Marta Orolinová, née Pardubová, was born in Vsetín on 2 May 1953 as the elder of two children to parents Hana Pardubová and Jiří Parduba. Her parents were teachers who had a strong bond to the folkloric music and were members of the Sokol sports association. The father was a co-founder of the Vsacan folkloric ensemble in Vsetín. When he completed high school, he was on forced deployment in the Vsetín arms factory and was involved with the resistance movement. After 1948, the witness’s paternal grandparents’ hairdressing salon and barber shop were nationalised, and grandfather Jaroslav Parduba was imprisoned for subversive activity, having disseminated anti-communist leaflets. He was in prison in Uherské Hradiště. The family lost their savings as a result of the currency reform in 1953. Due to her ‘cadre profile’, Marta Orolinová faced issues with admission to a university; she eventually completed a grammar school, a two-year healthcare institute, and then the Sanitary Medical School of Charles University.

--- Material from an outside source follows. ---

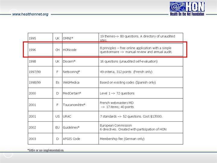 HON has the distinction of being the most popular and longest standing active quality controlling body. HON has drafted the code and obtained consensus on its contents. Other codes developed since then are based on the same principles e.g. the EU criteria created with the participation of HON. |

She collected signatures on a petition against the Warsaw Pact armies’ invasion in 1968. She married physician František Orolin in 1976, and the couple have two children. The family lived in Slovakia, then in Gottwaldov, and she and her husband came back to Vsetín after 1991. The witness’s brother Jiří emigrated in 1984. She has worked all her life as a physician in the field that she graduated in. She lived in Vsetín at the time of recording in 2022.